Because of this, our second response should be humility. As we seek to fix the problems caused by the Green Revolution, problems such as lifestyle-related illnesses and dislocation from the land, we should take immense care not to break a system that, despite its flaws, nevertheless manages to consistently produce more than enough food for eight billion souls.
Our third response should be optimism. Efforts to improve our relationship to food can also improve our relationships with one another. By approaching food foremost as something we make and enjoy together, rather than a means to a baroque, unrealistic end, it can facilitate human connections that are both everyday and deeply rooted.
The fact that I am a farmer does not make me an authority on the optimal human diet or how best to reform agriculture in America. Quite the opposite, for the longer I farm, the less sure I am of how to answer such questions. But even as the broader prescriptions fade to illegibility in my mind, the specific prescriptions grow clearer. I look at my cows and sheep grazing on the hill, blots of soot and cotton on a field of green, and I’m confident that they are living as they should.

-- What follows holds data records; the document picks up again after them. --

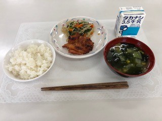 ごはん 牛乳 鶏肉の韓国風グリル 野菜のナムル わかめスープ |
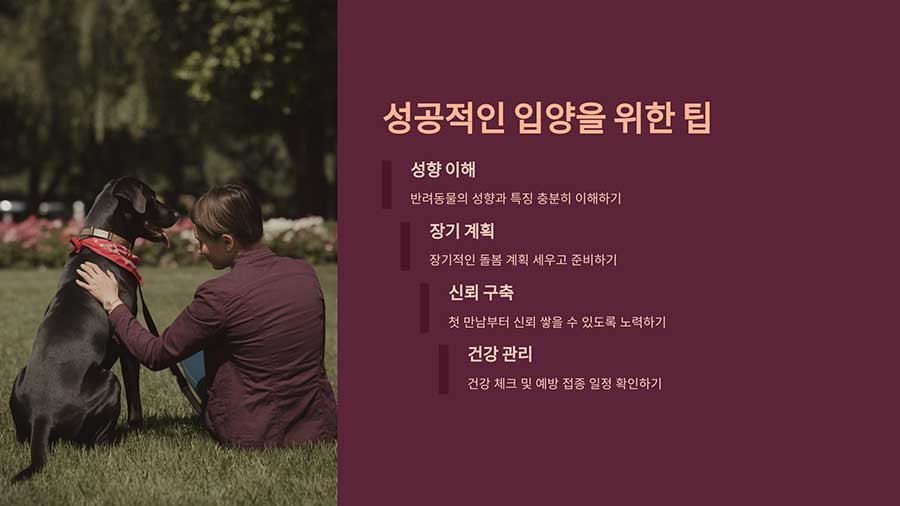 반려동물 입양은 단순한 선택이 아니라 오랜 책임이 따르는 결정입니다. 성공적인 입양을 위해 다음과 같은 팁을 기억하세요.
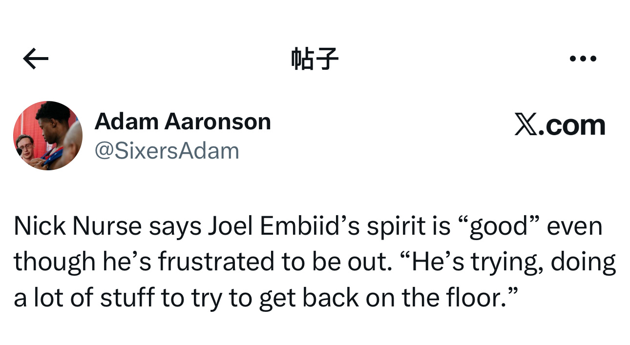 主教练尼克·纳斯采访时表示,乔尔·恩比德(右膝伤病管理)的状态仍为每日观察——“我们正在等待队医的上场许可,他今天参与了球队集训全过程。”尼克·纳斯还表示,尽管乔尔·恩比德因伤缺阵感到沮丧,但他的精神状态“很好”——“他正在积极尝试各种康复手段,为重返赛场全力以赴。”
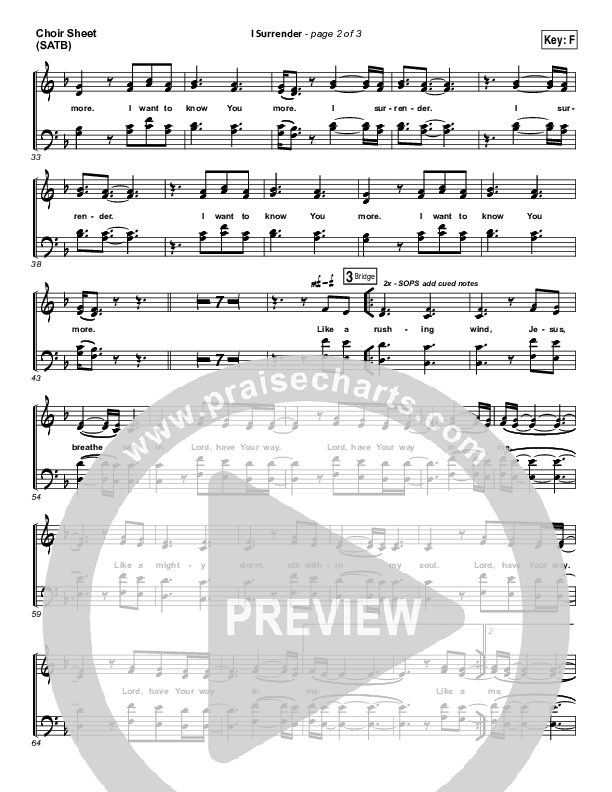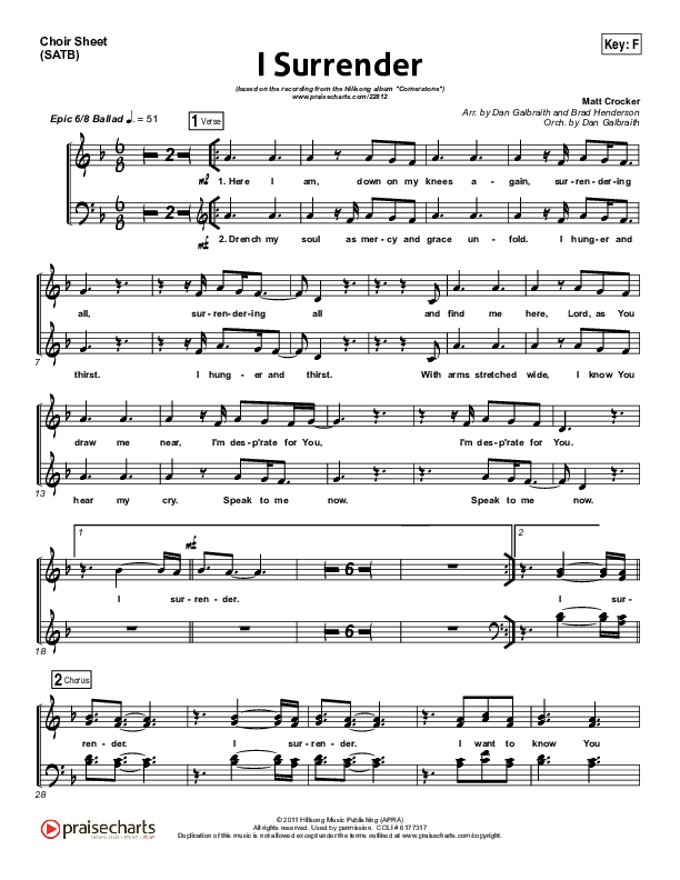 Download the Choir Sheet for I Surrender by Hillsong Worship, from the album Cornerstone (Deluxe). This song was arranged by Daniel Galbraith / Brad Henderson in the key of E.
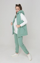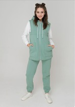 Жилет утепленный, прямой, на молнии, с капюшоном, с фигурной линией проймы. Полочка и спинка с кокетками, В нижней части полочки расположены накладные карманы.
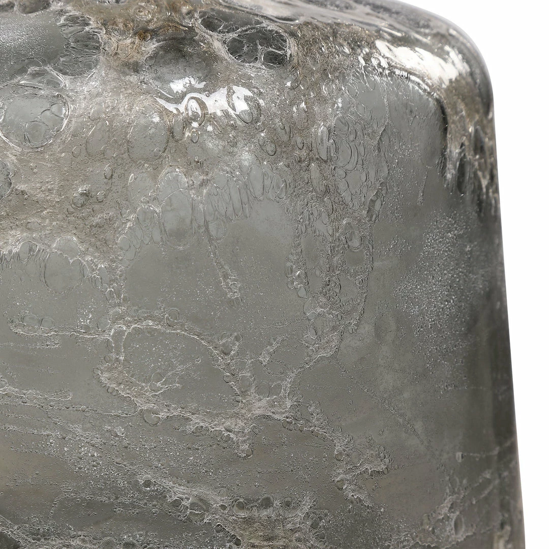 Crafted From Art Glass, These Bottles Showcase A Unique, Heavy Texture And Are Finished In Neutral Shades Of Charcoal, Taupe And Silver. Each Is Accented By A Silver Leaf Finished Iron Top. Sizes: S-9x15x9, L-6x18x6
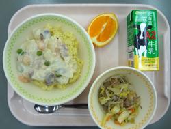 2月6日 カレーピラフのクリームソースかけ やさいいため くだもの 牛乳
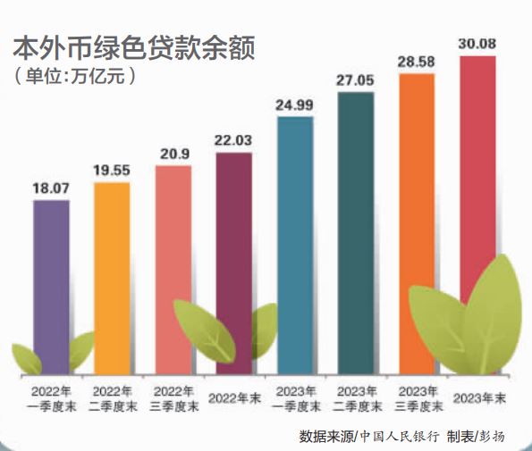 人民银行数据显示,截至2023年三季度末,我国绿色贷款余额28.58万亿元,同比增长36.8%,居全球首位;境内绿色债券市场余额1.98万亿元,居全球第二。
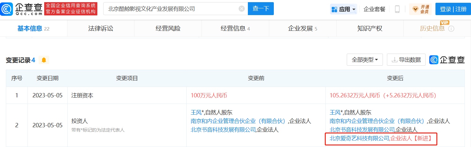 智通财经APP获悉,企查查APP显示,近日,北京酷鲸影视文化产业发展有限公司(下称:酷鲸影视)发生工商变更,新增北京爱奇艺科技有限公司为股东;同时,注册资本由100万人民币增至约105.26万人民币。
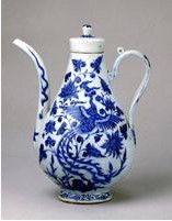 此器形为元代瓷器的流行样式,除青花器外,还见有龙泉窑青釉制品。造型源自阿拉伯民族使用的铜器。元代瓷器借鉴这种造型时,特别注意到吸取蒙古民族铜壶粗犷豪放的风格特点。
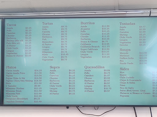 You can order carne asada, chicken, carnitas, barbacoa, beef tongue, shrimp, or fish tacos; all tacos are served with cilantro, onions, and lime. You can also get hot sauce. I like the carnitas tacos the best. I've also tasted their seafood soup, which was very good too. Huge portions of seafood in a giant bowl of soup for only $11.75.
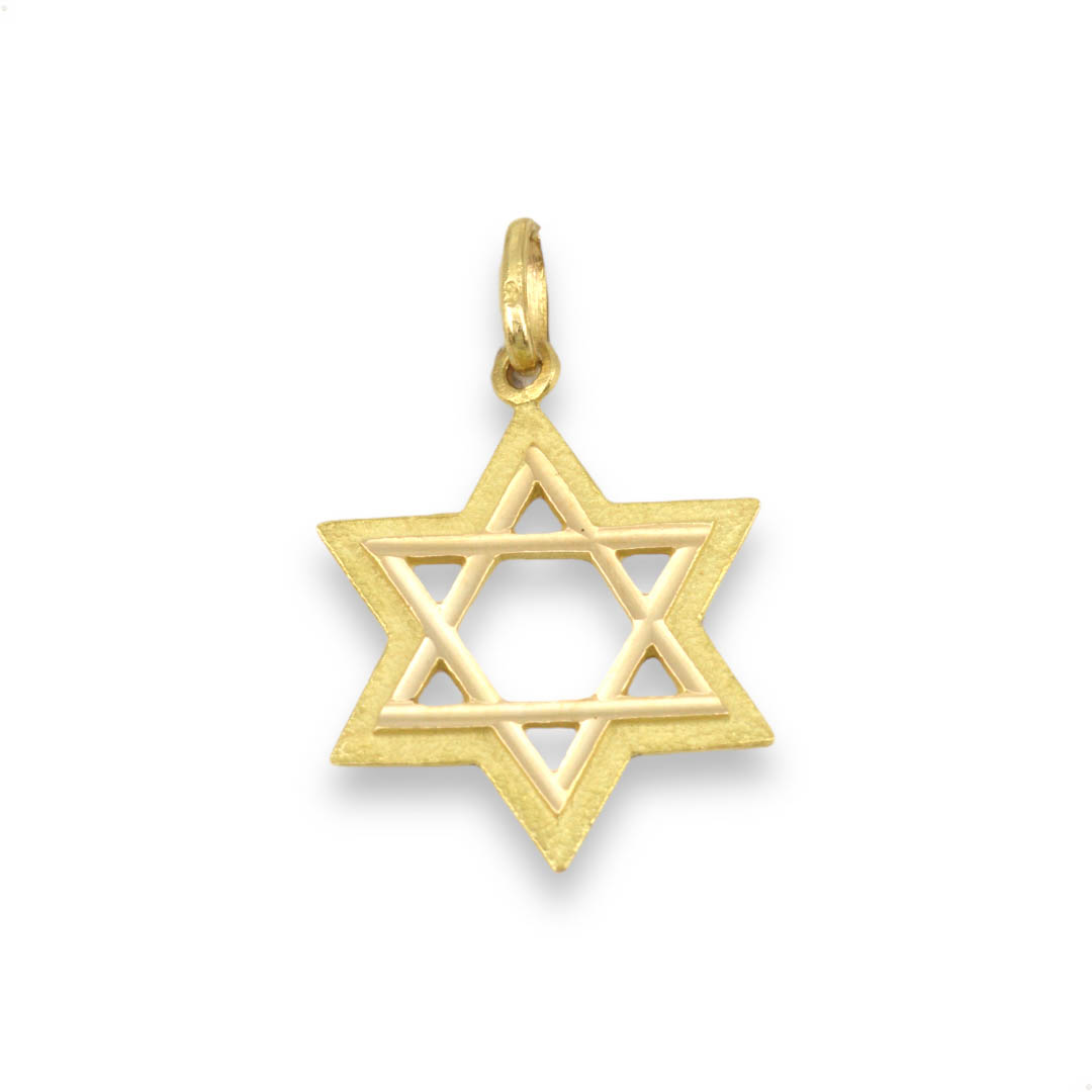 Colgante fabricado en Oro de 18 quilates con diseño estrella de David con un perfecto acabado pulido. Medidas: - Peso: 2 gramos - Diámetro: 2,3 cm

I see my kids playing with friends on the steep bank where the stream winds out of the woods, with the benignly paternalist farm dog keeping a watchful eye on the proceedings, and I’m sure that farms should have kids and dogs. Instead of consuming Bryan Johnson’s overpriced cocoa powder in the delusional belief that it will extend my life, I make hot chocolate on a snowy day. Instead of eating steak in the hopes of dieting my way to a Raw Egg Nationalist ethnostate, I eat steak with friends because eating steak with friends is one of the best things to do on a warm spring evening.
This is why I suggest you make food, in the most basic sense of the word, whether that means cooking a special dinner, baking a loaf of bread, or cultivating a basil plant on your sunniest windowsill. Doing so will not grant you immortality or turn you into a warlord, but it will probably make you healthier, since the more you make your own food the less you will consume ultraprocessed garbage. If you buy from local farmers you will be making a modest but real contribution to a different sort of food system. More than anything I would like you to grow something. Whether you choose to raise a veggie garden or a flock of laying hens or a steer, patiently waiting for something that is not food to become food, with all of the challenges and joys the process entails, will let you know you are a living creature in a living world. Sharing the bounty with friends and family will let you know you are human.
Don, my old dairy farming neighbor, died more than a decade ago, but I sometimes wonder what he’d think of all this. A guy who avidly hunted deer, volunteered at the fire department, tossed around hay bales at eighty years old, and was also a remarkably patient and generous neighbor might be able to teach Raw Egg Nationalist something about manliness, and an old farmer well acquainted with the frailty of flesh might warn Bryan Johnson about the foolishness of chasing a materialist salvation. Probably he would shake his head and hold his tongue.